§ Data below
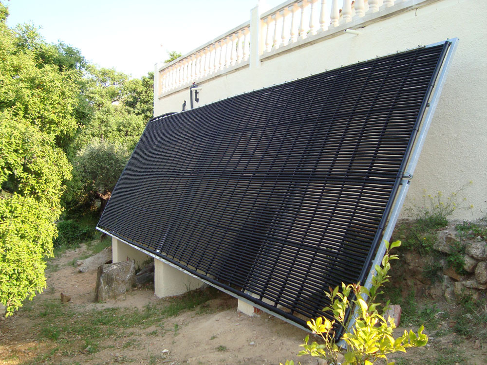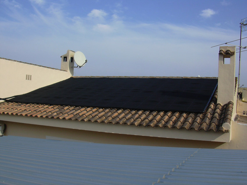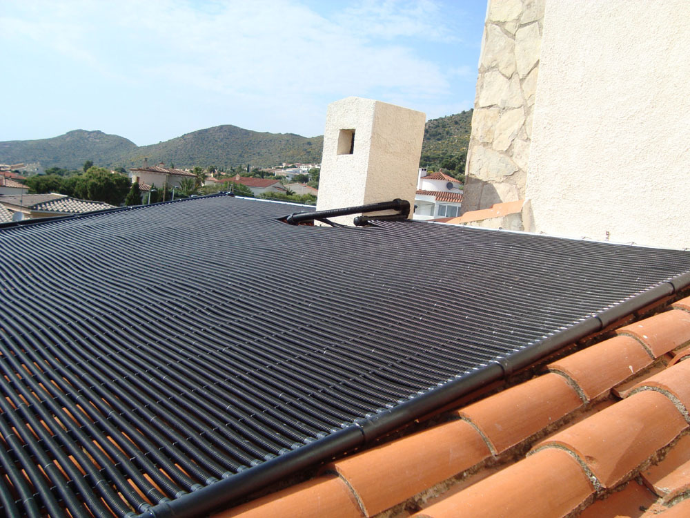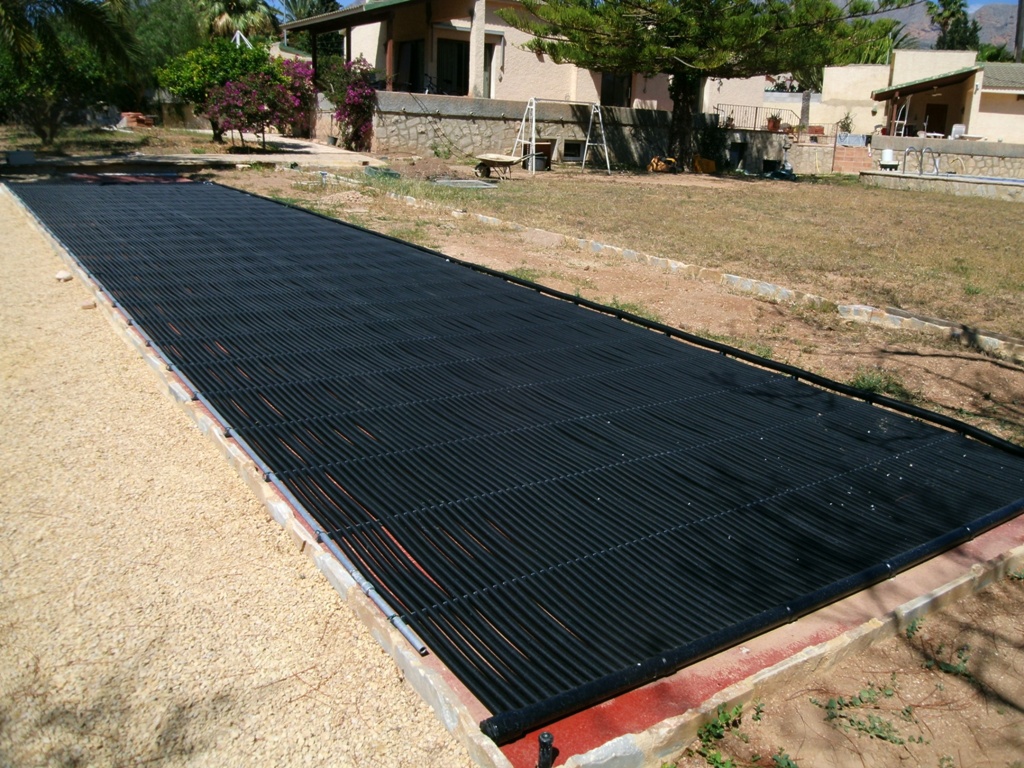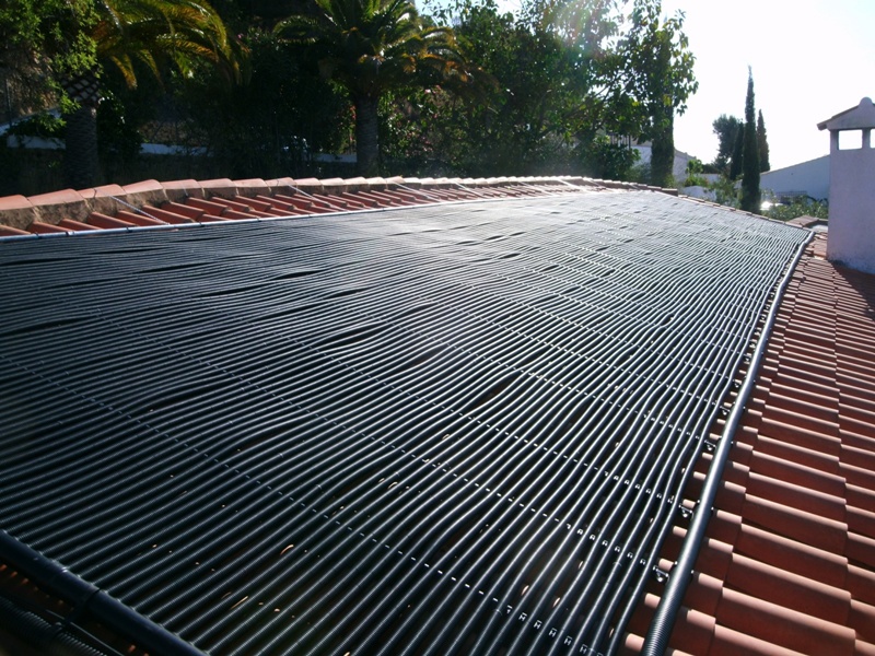 Auf dem spanischen Markt gibt es zahlreiche Typen von Solarkollektoren zur Schwimmbaderwärmung, die natürlich alle gegenüber der Chemie des Schwimmbadwassers und der ultravioletten Strahlung der Sonne resistent sein müssen. Einigen macht weder Schnee noch Eis etwas aus, wie z.B. der Kollektor solar-rapid® des deutschen Herstellers ROOS. Aufgrund der Wellenstruktur des Rippenrohrs wird eine deutlich höhere spezifische Oberfläche als ein glattes Rohr erzielt, wie man es z.B. aus der Bewässerungstechnik kennt. Hier an der Costa Blanca liegt der thermische Effekt dieses Rippenrohrs bei einer Solarstrahlung von 1.700 W/m² bei 91%, d.h. 1.550 W/m².
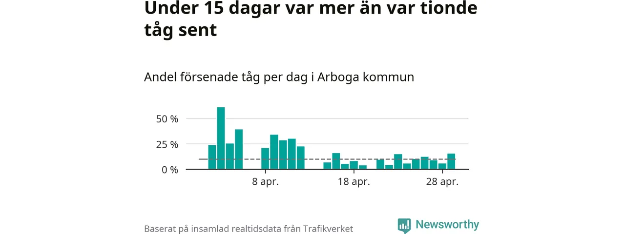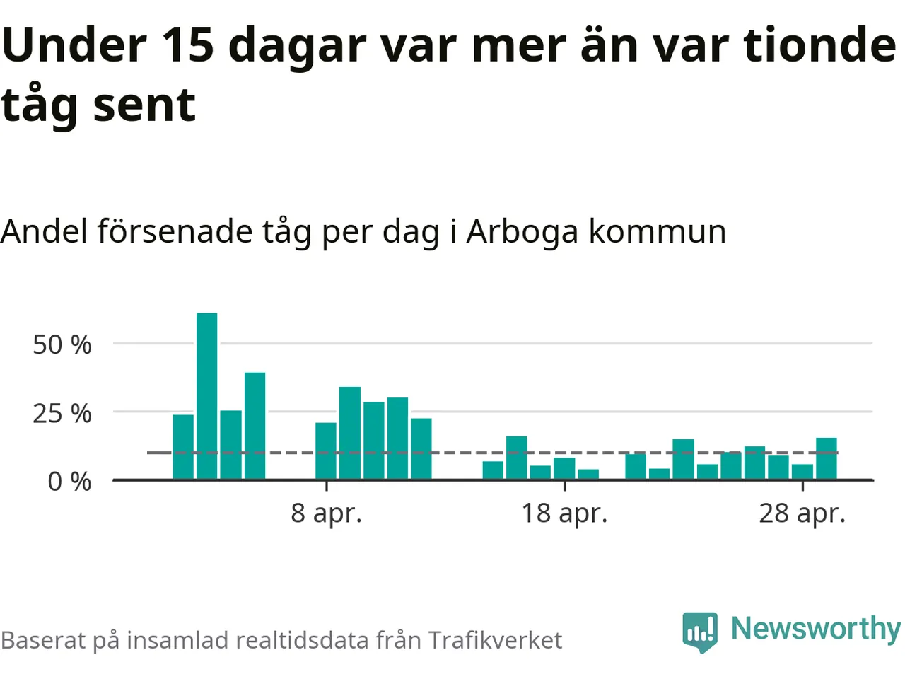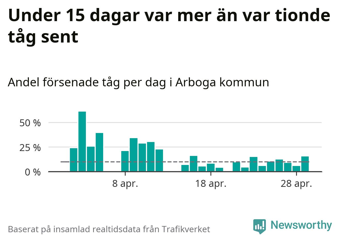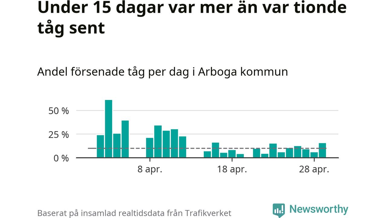 Under 15 av 30 dagar i april var mer än var tionde tåg vid Arboga försenat. Det visar Newsworthys sammanställning av alla tågförseningar förra månaden.
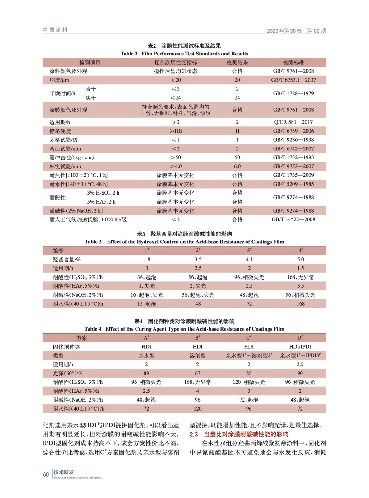 水性雙組分丙烯酸聚氨酯面漆耐酸堿性能的影響因素探討
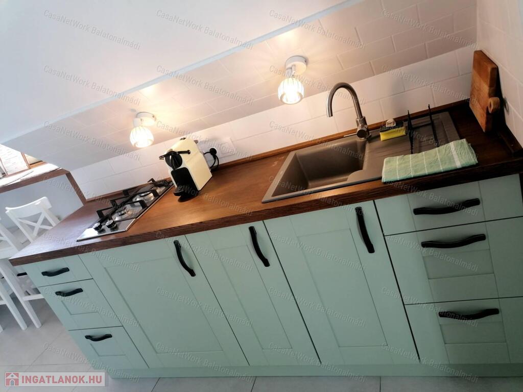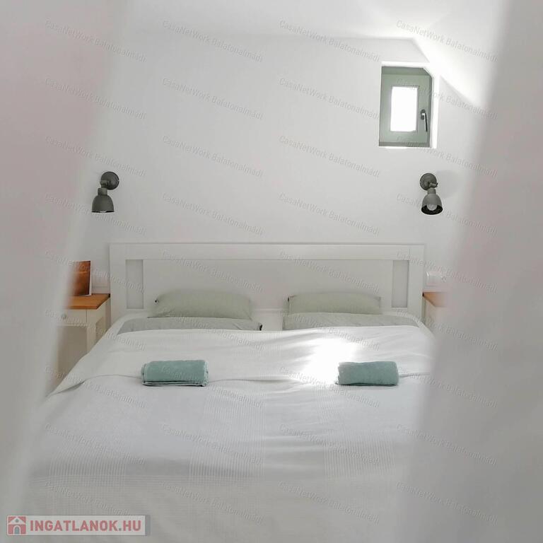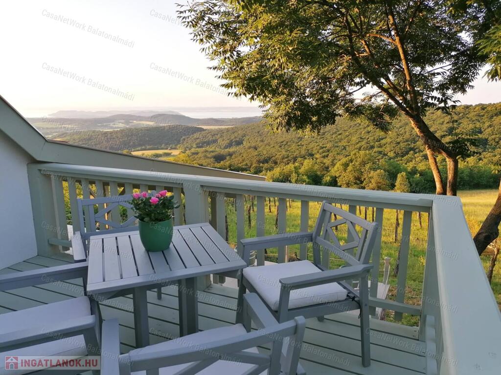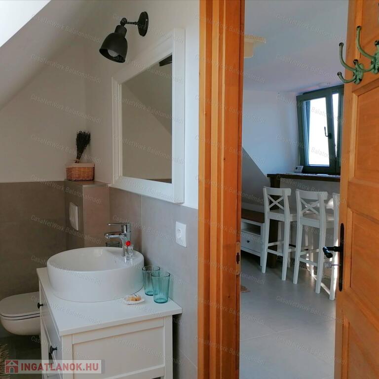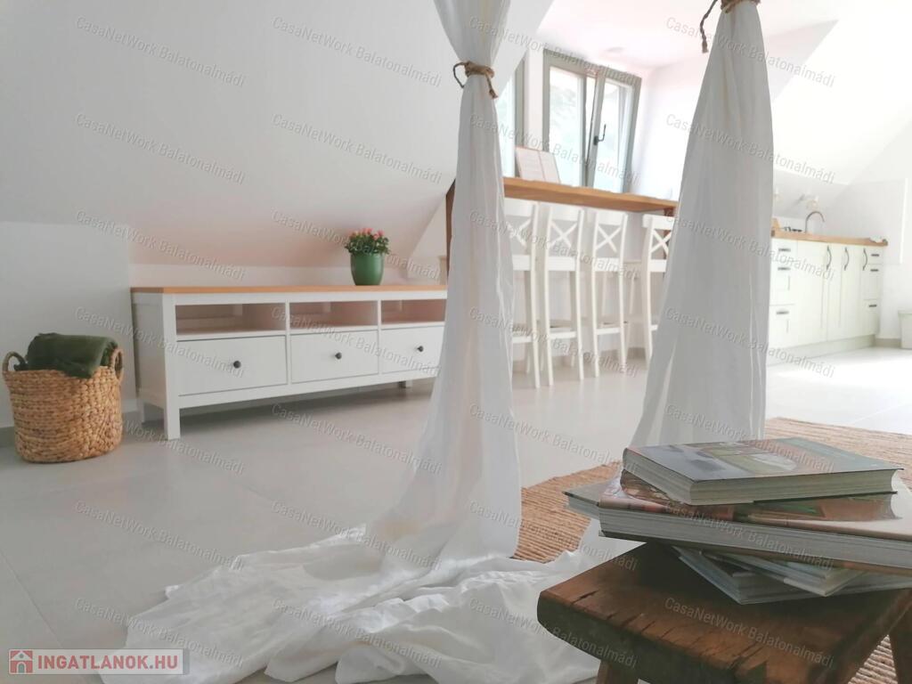 A tetőtérben került kialakításra egy külön bejáratú stúdió apartman jellegű vendégszállás, nagy háló-nappalival, teakonyhával, egy fürdőszobával és egy 15 m2-es terasszal, ahonnan szintén gyönyörű a kilátás a környező dombokra és a Balatonra.

§ What the task requires
Could you print the listing above exactly, without the pictures?

§ Result of the exercise
 Auf dem spanischen Markt gibt es zahlreiche Typen von Solarkollektoren zur Schwimmbaderwärmung, die natürlich alle gegenüber der Chemie des Schwimmbadwassers und der ultravioletten Strahlung der Sonne resistent sein müssen. Einigen macht weder Schnee noch Eis etwas aus, wie z.B. der Kollektor solar-rapid® des deutschen Herstellers ROOS. Aufgrund der Wellenstruktur des Rippenrohrs wird eine deutlich höhere spezifische Oberfläche als ein glattes Rohr erzielt, wie man es z.B. aus der Bewässerungstechnik kennt. Hier an der Costa Blanca liegt der thermische Effekt dieses Rippenrohrs bei einer Solarstrahlung von 1.700 W/m² bei 91%, d.h. 1.550 W/m².
 Under 15 av 30 dagar i april var mer än var tionde tåg vid Arboga försenat. Det visar Newsworthys sammanställning av alla tågförseningar förra månaden.
 水性雙組分丙烯酸聚氨酯面漆耐酸堿性能的影響因素探討
 A tetőtérben került kialakításra egy külön bejáratú stúdió apartman jellegű vendégszállás, nagy háló-nappalival, teakonyhával, egy fürdőszobával és egy 15 m2-es terasszal, ahonnan szintén gyönyörű a kilátás a környező dombokra és a Balatonra.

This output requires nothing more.